The sisters left Portia standing in the bathroom. She looked in the mirror, giving herself a hard glare. “You are not this person,” she said to her reflection.
Thirty minutes later, Portia was bathed, dressed, and sitting cross-legged on the floor in her borrowed bedroom. Cordelia and Olivia had left, but not before she promised to call them tomorrow with a plan.
Portia took a deep breath, unzipped her suitcase. She sat there for long minutes more, then nodded her head and pulled out all three Glass Kitchen cookbooks. Whether she liked it or not, the knowing was her legacy. It had led her in so many ways, giving her answers, even if she didn’t like the answers it had given. But she couldn’t deny that the answers were true.
She didn’t bother with the first two books. She went straight to the third volume. The one Gram had always said wasn’t for novices. The one she hadn’t read until now.
She cracked the old spine and found spidery handwriting on the first page.

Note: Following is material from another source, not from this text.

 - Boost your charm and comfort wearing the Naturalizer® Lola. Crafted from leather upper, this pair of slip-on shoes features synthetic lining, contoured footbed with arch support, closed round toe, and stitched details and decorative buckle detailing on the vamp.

Every kitchen should be filled with glass—to drink from, to see through, to reflect the light of a wonderful meal prepared with love. To ensure that the light is not lost, I have filled these pages with everything that has been passed down to me from earlier generations of Cuthcart women. I hope each generation to come will do the same.
Imogen Cuthcart
The Republic of Texas, 1839
Portia started to read the fragile pages, first tentatively, then greedily. Images swirled as she read. Stews and roasts, herbs and spices, broth and gravy, cookies and pies. Sweet and sour. Joy and laughter, pain and sorrow. No life could be without these.

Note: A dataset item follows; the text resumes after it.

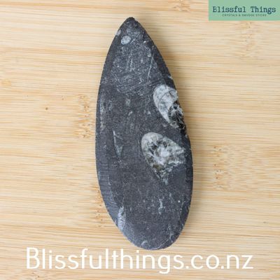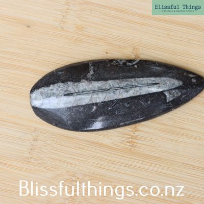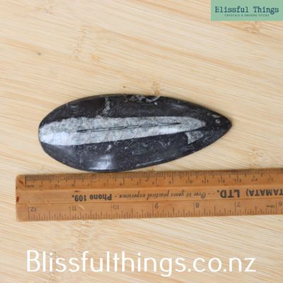 Orthoceras is an extinct genus of marine cephalopods that lived around 400 million years ago during the Ordovician period. Their fossilized shells, typically long and conical with internal chambers, are commonly found in black limestone and are composed primarily of calcite. These ancient creatures are related to modern squids and nautiluses, and their fossils are often found in Morocco and other parts of the world. Metaphysically, Orthoceras is known for grounding energy and connecting one to Earth’s ancient wisdom. It has been seen to assist with past-life recall, promote personal growth, and encourage a sense of stability during times of change. Many believe it helps balance emotions and supports transformation, making it a powerful tool for meditation and healing work.

The language was stilted, the meals old-fashioned, but the advice was progressive, considering how old the book must have been. Each time Portia came to a notation, she recognized the ones that her grandmother had made, modern takes on antiquated forms of cooking, be it the update of a gas oven from coal-stoked, or a mixer to replace beating a cake by hand.
There were as many recipes for folk medicine as for meals. Obviously food had been the main source of healing for her forebearers. Gram had traded in her own version of food as a great healer, both physically and mentally. What surprised Portia was how each of these older, more complicated entries made so much sense to her, as if she already knew the wisdom she found copied down so carefully over the years, as if she had been born with a knowing that was far deeper than her ancestors’, truly deeper than her grandmother’s, as Gram had said.
Portia turned the last page and the breath rushed out of her. Gram had written this page herself, years after the book was originally compiled.
I dreamed a meal. A big meal. A final meal. I keep telling myself that it’s impossible to know for sure. My knowing is coming in fits and starts these days. But the images of food in this meal are strong, and I’ve been at this long enough to know, to feel certain, that when I see this meal, it will be time for me to stop. What I don’t know is what I will do when my turn is over, when it is time for me to pass the baton. How will I be able to bear it when my whole life has been the knowing?
Though that shouldn’t be my worry. I should worry that I haven’t taught Portia what she needs to know. Why is it so hard for me to let go? Why is it so hard for me to teach her? Why won’t I let her read any of these books, and most especially this one?